**Action item**
Once the pictures are removed, restate the listing word for word.

Data below START

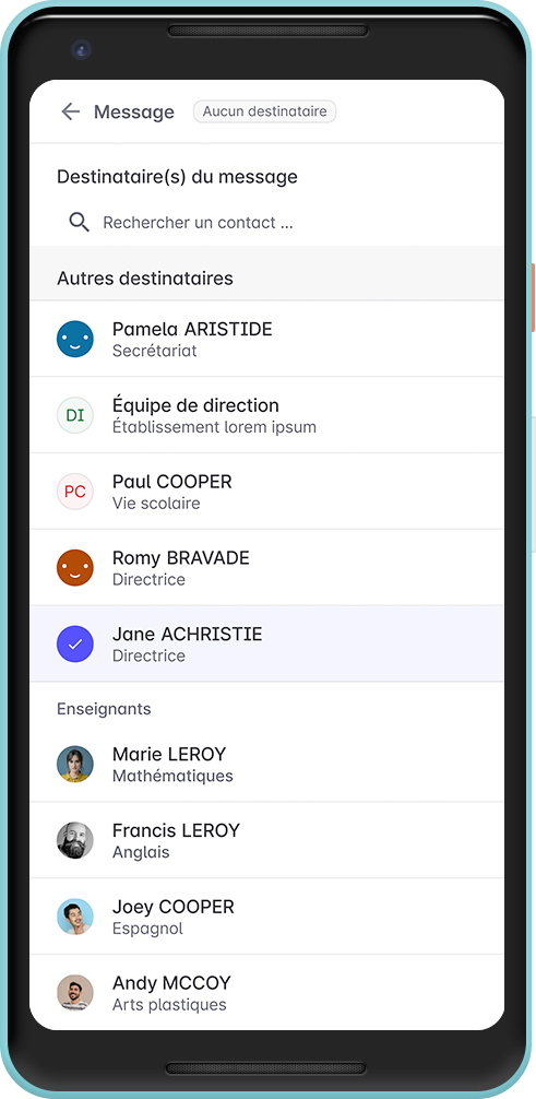 A number of tools are available to help you create links within your Educational community. You can easily target your messages at your teaching staff, families or administrative and financial staff:
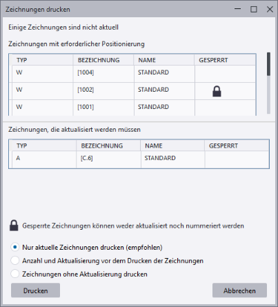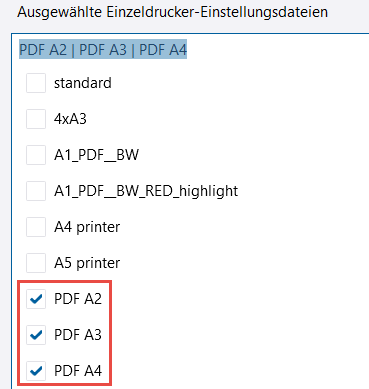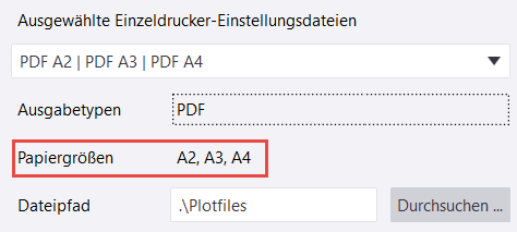 Wenn Sie einen Zeichnungssatz anhand der genannten einzelnen Druckereinstellungsdateien auf mehreren Druckern ausgeben, werden für alle A4-Zeichnungen .pdf-Dateien mit dem Präfix A4_ erzeugt, für alle A3-Zeichnungen Dateien mit dem Präfix A3_ und für alle A2-Zeichnungen .pdf-Dateien mit dem Präfix A2_.
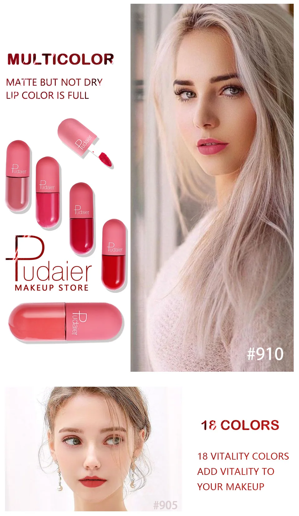 Мини-Капсульная Матовая жидкая помада Pudaier, 18 цветов, бархатный...
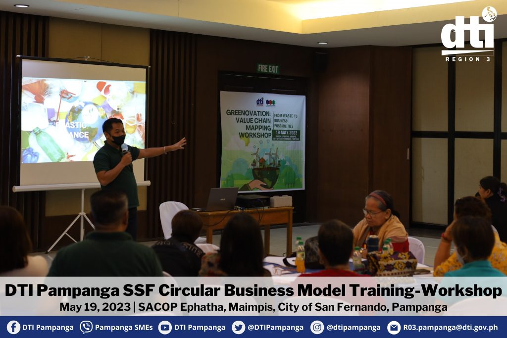 SAN FERNANDO CITY, PAMPANGA – DTI Pampanga conducted a provincial Greenovation Workshop on Circular Business Model for 74 Shared Service Facility (SSF) Cooperators and MSMEs on May 19, 2023 at SACOP Ephatha, Maimpis, City of San Fernando, Pampanga.

Data below END

**Output below**
 A number of tools are available to help you create links within your Educational community. You can easily target your messages at your teaching staff, families or administrative and financial staff:
 Wenn Sie einen Zeichnungssatz anhand der genannten einzelnen Druckereinstellungsdateien auf mehreren Druckern ausgeben, werden für alle A4-Zeichnungen .pdf-Dateien mit dem Präfix A4_ erzeugt, für alle A3-Zeichnungen Dateien mit dem Präfix A3_ und für alle A2-Zeichnungen .pdf-Dateien mit dem Präfix A2_.
 Мини-Капсульная Матовая жидкая помада Pudaier, 18 цветов, бархатный...
 SAN FERNANDO CITY, PAMPANGA – DTI Pampanga conducted a provincial Greenovation Workshop on Circular Business Model for 74 Shared Service Facility (SSF) Cooperators and MSMEs on May 19, 2023 at SACOP Ephatha, Maimpis, City of San Fernando, Pampanga.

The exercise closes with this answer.